SUPPLIED RECORDS:

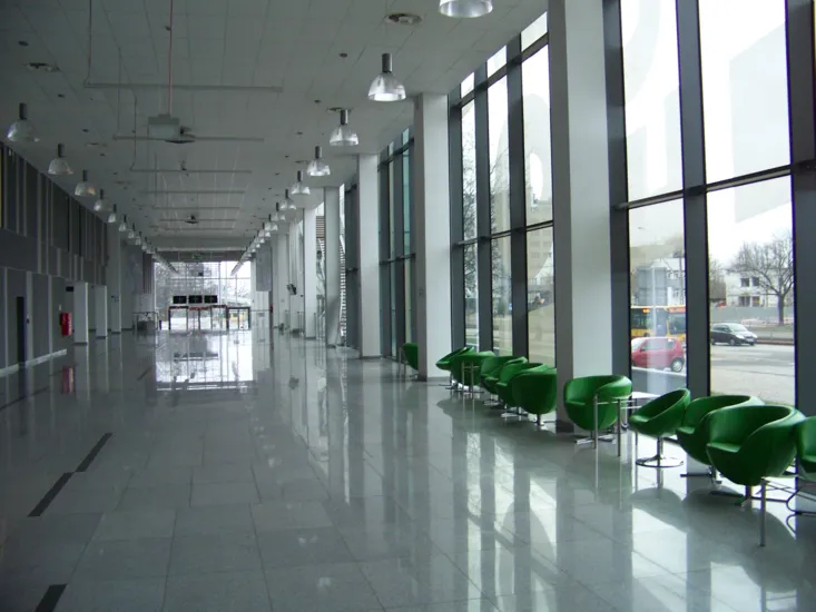 Foyer na parterze przed główną halą o powierzchni 800 m2 - które doskonale służy do organizacji przerw kawowych, lunchy czy też organizacji bankietów lub wykorzytywane być może jako przestrzeń wystaw
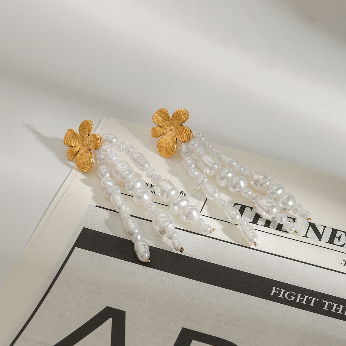 Fashion Fringe Orecchini, 304 acciaio inox, with perla in plastica, placcato, gioielli di moda & stili diversi per la scelta & per la donna, Venduto da coppia
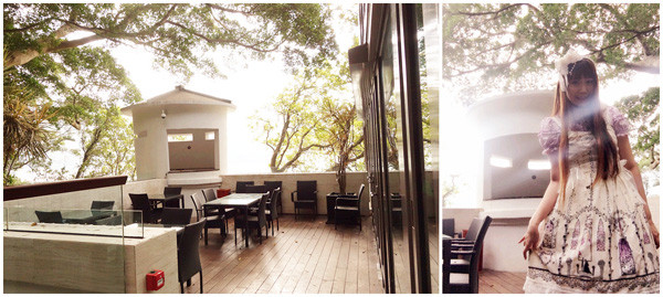 即使是燈也盡量保留了舊式的設計。樓外花木扶疏,幾位外國旅客在晴傘下閒話家常。今天這種惠風和暢的天氣最適合呆坐在長椅上望海。
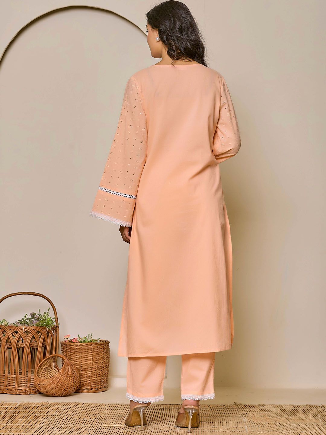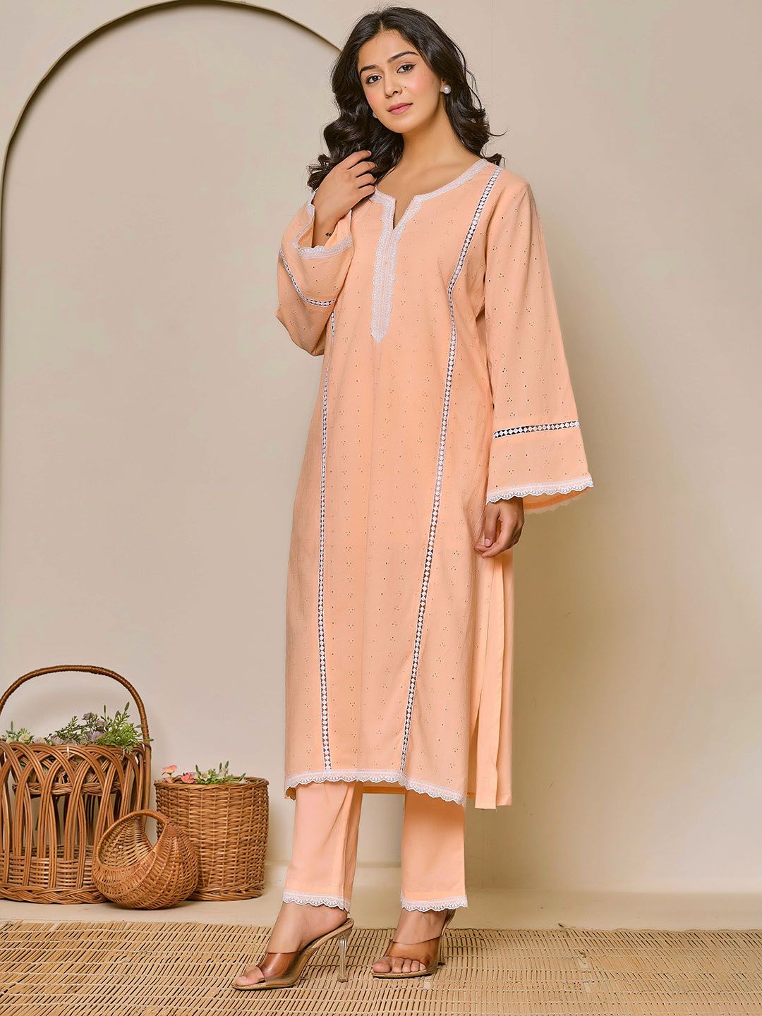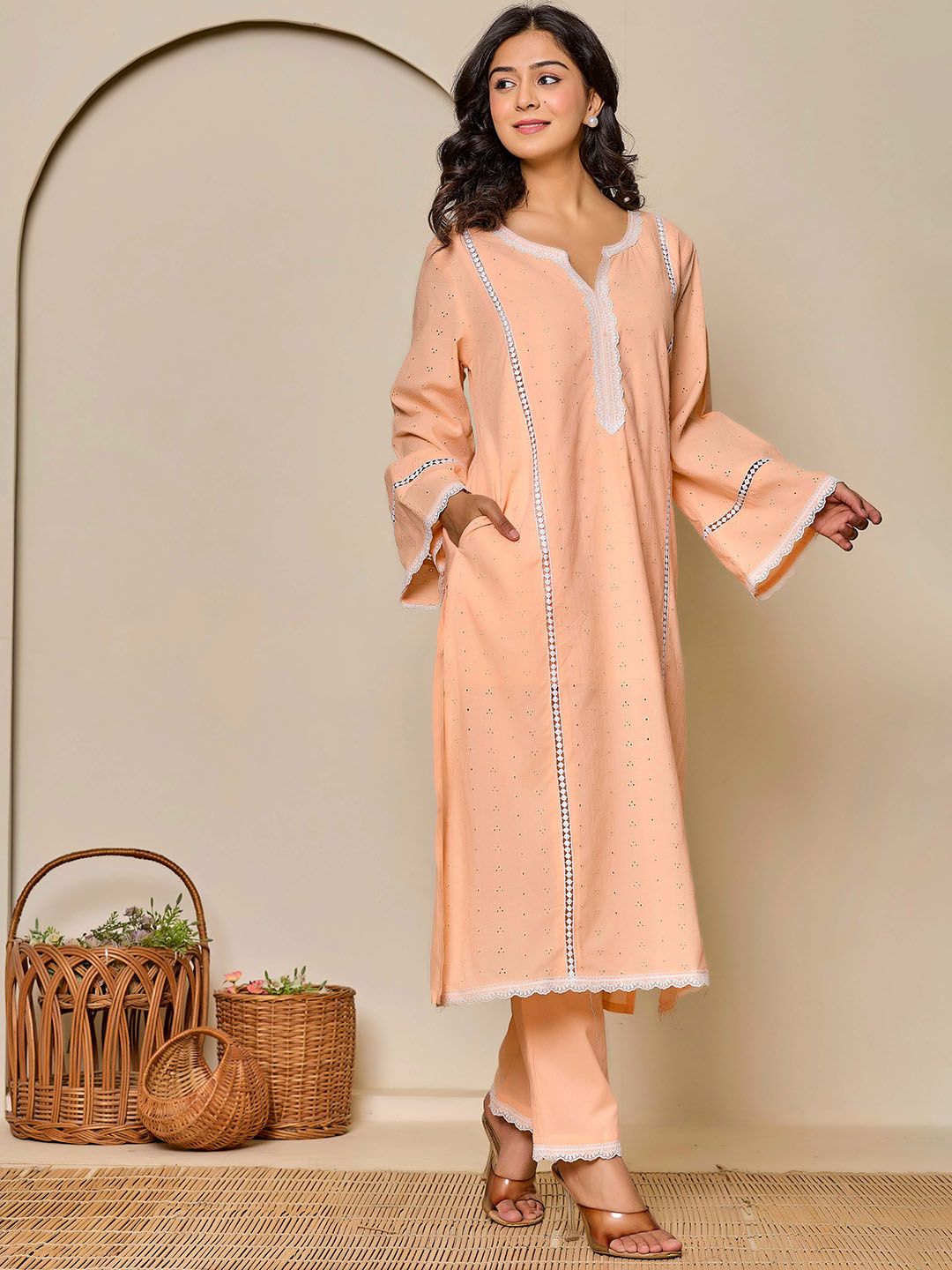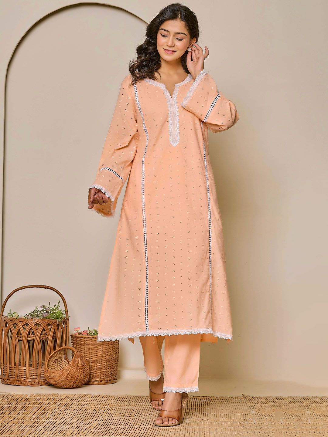 KASYA Women Schiffli Embroidered Regular Pure Cotton Kurta with Trousers
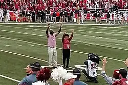 Hill waves while being honored as an SEC Football Legend on the field at Razorback Stadium[1]
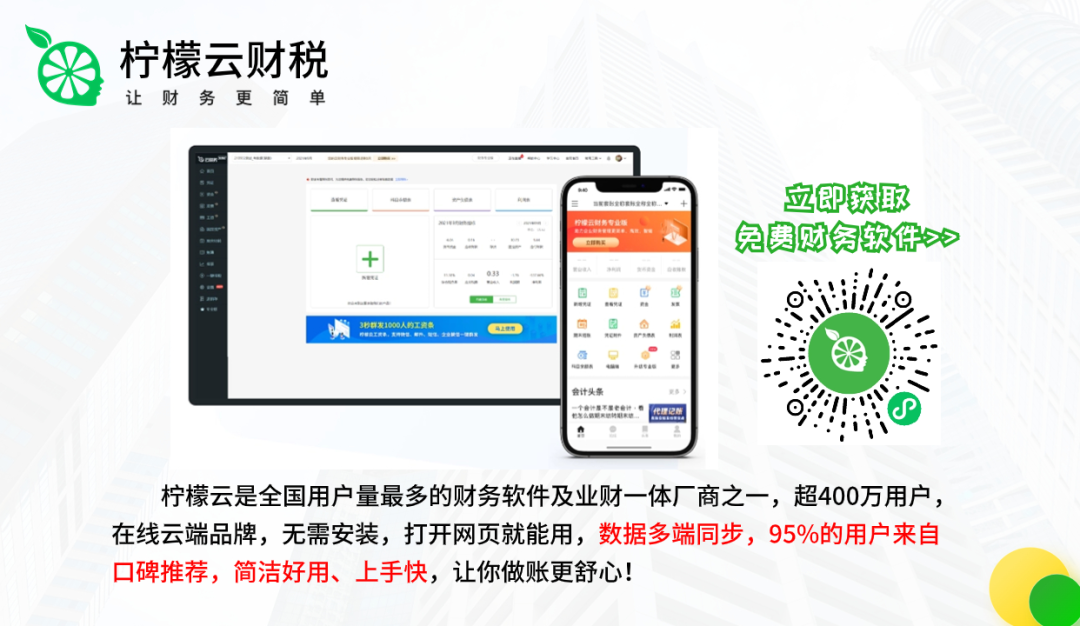 推荐一款超400万企业会计在用的财务软件——柠檬云财务软件(免费版长期免费使用),用手机微信扫码就可以免费领取使用,长期有效。

ABOUT THIS EXERCISE:
Exact copy, pictures removed: set down the whole listing above.

RESPONSE TO THIS TASK:
 Foyer na parterze przed główną halą o powierzchni 800 m2 - które doskonale służy do organizacji przerw kawowych, lunchy czy też organizacji bankietów lub wykorzytywane być może jako przestrzeń wystaw
 Fashion Fringe Orecchini, 304 acciaio inox, with perla in plastica, placcato, gioielli di moda & stili diversi per la scelta & per la donna, Venduto da coppia
 即使是燈也盡量保留了舊式的設計。樓外花木扶疏,幾位外國旅客在晴傘下閒話家常。今天這種惠風和暢的天氣最適合呆坐在長椅上望海。
 KASYA Women Schiffli Embroidered Regular Pure Cotton Kurta with Trousers
 Hill waves while being honored as an SEC Football Legend on the field at Razorback Stadium[1]
 推荐一款超400万企业会计在用的财务软件——柠檬云财务软件(免费版长期免费使用),用手机微信扫码就可以免费领取使用,长期有效。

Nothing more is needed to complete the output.